Cloudflare emphasizes that this process builds on standards like OAuth, the OpenID Connect (OIDC) identity layer, and payment tokenization, but removes steps that would otherwise require human intervention.
During the discovery phase, agents call the Stripe Projects catalog command, then choose among available services based on human commands and preferences. However, “the user needs no prior knowledge of what services are offered by which providers, and does not need to provide any input,” Chatterjee and Irvine-Broque explained.
From there, Stripe acts as the identity provider, and credentials are securely stored and available for agents that need to make authenticated requests to Cloudflare.
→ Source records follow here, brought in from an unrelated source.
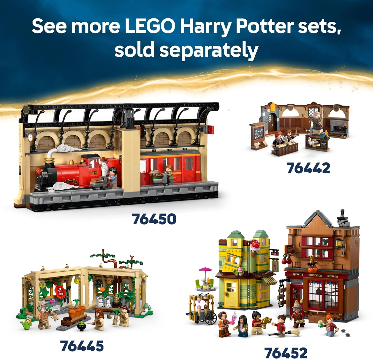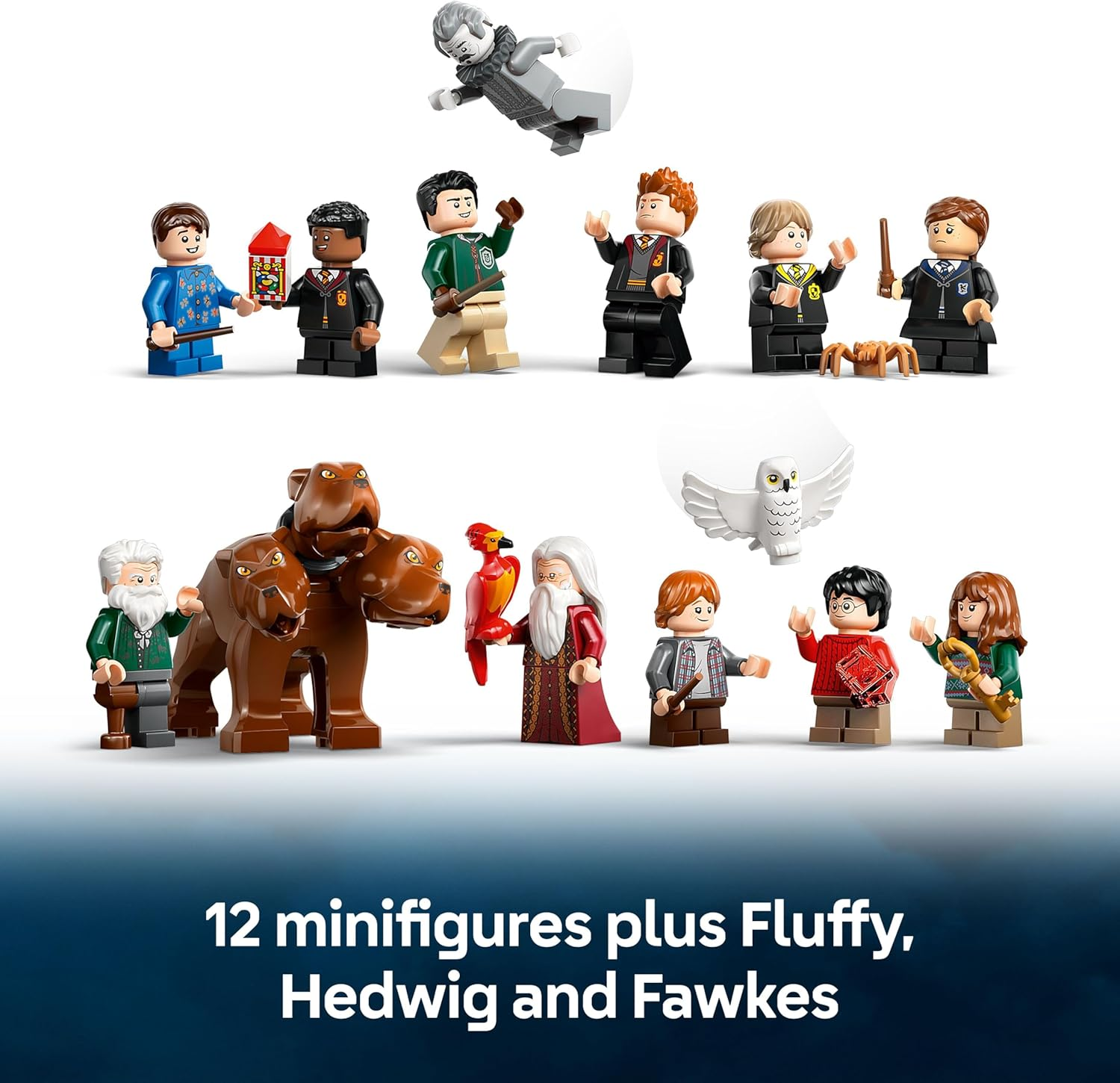 | Minifigures | 12 characters including Harry Potter, Hermione, Neville, Professor Kettleburn, Nearly Headless Nick, Dumbledore, Fluffy, Hedwig, Fawkes |
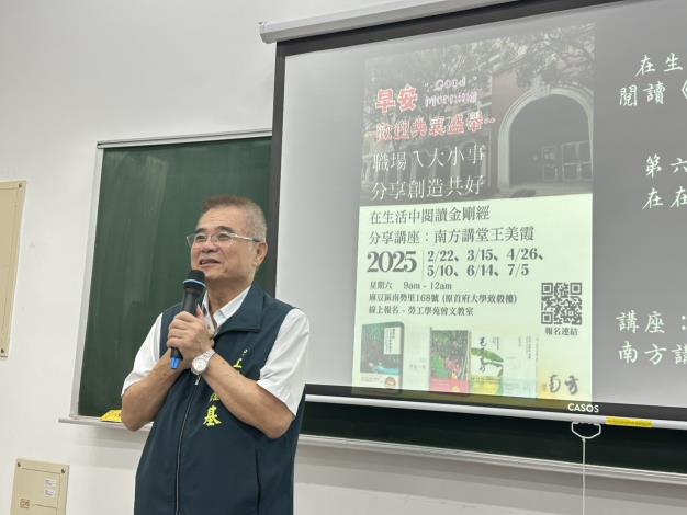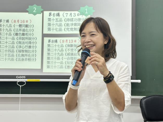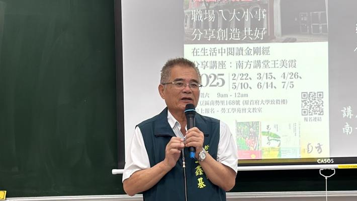 為營造臺南市良好的學習風氣、深化勞工教育,並充實市民的生活內涵與智慧,落實黃偉哲市長「希望家園」的施政願景,臺南市政府勞工局於麻豆曾文市政願景園區舉辦「職場ㄟ大小事,分享創造共好」系列講座,持續邀請南方講堂創辦人王美霞老師擔綱主講。本系列課程以「在生活中閱讀《金剛經》」為主題,已邁入第六堂課,與市民一同深入探索佛教經典的智慧,並引導學員思考如何將艱澀經文融入日常,實踐於待人處事之中,透過五感六識體驗生活之美。
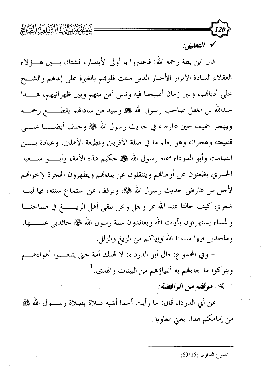 قال ابن بطة رحمه الله: فاعتبروا يا أولي الأبصار، فشتان بين هؤلاء العقلاء السادة الأبرار الأخيار الذين ملئت قلوبهم بالغيرة على إيمانهم والشح على أديانهم، وبين زمان أصبحنا فيه وناس نحن منهم وبين ظهرانيهم، هذا عبد الله بن مغفل صاحب رسول الله - صلى الله عليه وسلم - وسيد من ساداتهم يقطع رحمه ويهجر حميمه حين عارضه في حديث رسول الله - صلى الله عليه وسلم - وحلف أيضا على قطيعته وهجرانه وهو يعلم ما في صلة الأقربين وقطيعة الأهلين، وعبادة بن الصامت وأبو الدرداء سماه رسول الله - صلى الله عليه وسلم - حكيم هذه الأمة، وأبو سعيد الخدري يظعنون عن أوطانهم وينتقلون عن بلدانهم ويظهرون الهجرة لإخوانهم لأجل من عارض حديث رسول الله - صلى الله عليه وسلم -، وتوقف عن استماع سنته، فيا ليت شعري كيف حالنا عند الله عز وجل ونحن نلقى أهل الزيغ في صباحنا والمساء يستهزئون بآيات الله ويعاندون سنة رسول الله - صلى الله عليه وسلم - حائدين عنها، وملحدين فيها سلمنا الله وإياكم من الزيغ والزلل.

Stripe sets a default $100 monthly maximum that an agent can spend on any one provider. Humans can raise this limit and set up budget alerts as required.
The platform, said Cloudflare, acts as the orchestrator for signed-in users. Agents make one API call to provision a domain, storage bucket, and sandbox, then receive an authorization token.
The company argued that the new protocol standardizes what are typically “one off or bespoke” cross-product integrations. It uses OAuth, and extends further into payments and account creation in a way that “treats agents as a first-class concern.”
Concerns around security, operations
The trend of people buying products “wherever they are” will become ever more widespread, noted Shashi Bellamkonda, a principal research director at Info-Tech Research Group.
For instance, Uber has announced an Expedia integration for hotel bookings that will make it an ‘everything app.’ Other vendors are similarly expanding their partner ecosystems, because obtaining customers via other established platforms as well as their own is more cost-efficient, and “generally results in a higher lifetime value,” said Bellamkonda.
“This is Cloudflare turning every partner with signed-in users into a sales channel, and that is how you grow revenue in a developer market,” he said.
Beauceron’s Shipley agreed that Cloudflare is the “big winner” here. “Making it faster for anyone to buy your service and get using it is technology platform Nirvana.”
It’s “super cool, bleeding edge” and in theory, for legitimate developers becomes part of the even more automated build process, he said; “Vibe coders will rejoice.” But, he noted, so will cyber crooks.
Further, Bellamkonda pointed out, from an operational perspective, this could create added complexity for each vendor’s partner network when it comes to transaction execution and accountability. If issues related to provisioning or billing transactions arise, businesses must have a clearly defined process for resolving them with all parties.
“This will require considerable upfront thought on developing these comparatively new business models,” Bellamkonda said.